Tears welled in the Terran's eyes. "T-the... E-emperor..."

"The Empress," she replied.

"I am... loyal..."

"I am Heresy."

"I... c-can't..."

"I can."

She pulled him in and gave him the longest kiss she had given yet.

Kophtet turned away and covered where his ears would be if he was still organic. "Basep, cut the feeds. I've had enough of this perversion." The blue scarab squealed and smashed a glyph. The one-way windows darkened and the audio feed cut. Another blue scarab crawled onto the glyph-board next to Basep and squeaked with haste. Kophtet sighed and turned for the door. "Basep, let me know when this is over so the Oroskh doesn't harass me for leaving the console. Lord Szazadrekh needs me."

Kophtet descended in the lift several levels. The doors to the shaft opened into a large chamber. Across from the door, Szazadrekh was accompanied by four Lychguard overlooking a vast ocean of a liquid glowing neon cyan. The Lord, with hands behind his back, nodded and his Lychguard left. With his six legs Kophtet crawled to the side of the Lord.

"Kophtet... You know... I love... my scarabs..." He said in a heavy breath. "You... also know I hate... talking like this... but... it doesn't hurt to dabble... with... your peeeeve..." Belakh leaped from the ocean onto the Lord's shoulder.
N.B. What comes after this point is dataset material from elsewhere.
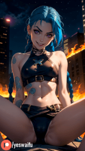 Jinx Game Porn – female only, erect nipples, partially clothed, riot games, ai generated, female
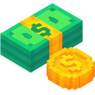 A grizzly bear with a chain and a money gun, voxel style, facing right emoji

He squeaked with delight and nuzzled against his neck plating.

"But..." the Lord continued. "Practice... makes one near... perfection... which is... admired... by the other royalty..."

"Indeed, my dear friend. It never hurts to practice court manners while away."

"Yes. It is also nice to break such rules when you are not under the dreadful gaze of Lord Baszakareht."

"Oh, C'tan... That peculiar fellow."

"Indeed. He is a thorn in my side I wish was gone. However he is the dog of Krispekh, the Expansionist, and thus holds a greater influence in his word than my own, which makes it infuriating when plotting my fleet's course."

"I suppose your getting to-"

"He changed our course yet again. I would disassemble him and set him victim to the wrath of his own C'tan shard!"

"But where to, my Lord?"

"A place familiar."

"I beg your pardon, but you do remember I have no taste for games of rhetoric."

"Ah, yes..." Szazadrekh replied and flicked Kophtet's head.

Kophtet's gaze snapped to the Lord.

Szazadrekh chuckled. "Always the pissy-face, aren't we? Relax. When you're this royal respect can become a bore. Respect this, respect that. Soon there's so much respect that you can't have fun anymore and all eternity becomes an utter bore."

Kophtet turned back to the ocean. "My Lord..."

Szazadrekh flicked Kophtet again. "Kophy."

"Don't call me that."

"You're awfully stiff for a Necrontyr who used to hold the record for the softest dick."

"SZAZADREKH! Have some professionalism!"

"And you're still as deaf and unagreeable as Tarekh. Shame on you, you soul-less fuck."

"Watch your language!"

"Pbbt."

Belakh squeaked merrily.

"Well aren't you mature," Kophtet said to the Lord.

"Pbbt pbbt pbbt."

"That's nice and all, but can we get back to the-"

"Pbbbbt."

"Back to the-"

"Pbbbbbbbbbbbt."

"Can we get back to-"

"Pbbt pbbt pbbt pbbbbbbbbbbbbbbt!"

"SZAZA-"

"PPPPBBBBBBBBBBBBBBBBBBBBBTTTTT!"

"Damn it, Lord Szazadrekh!"

The Lord flicked Kophtet's head once again. "Oh Kophy, always so dense. You were asking?" he chuckled.

Belakh clapped his claws in delight.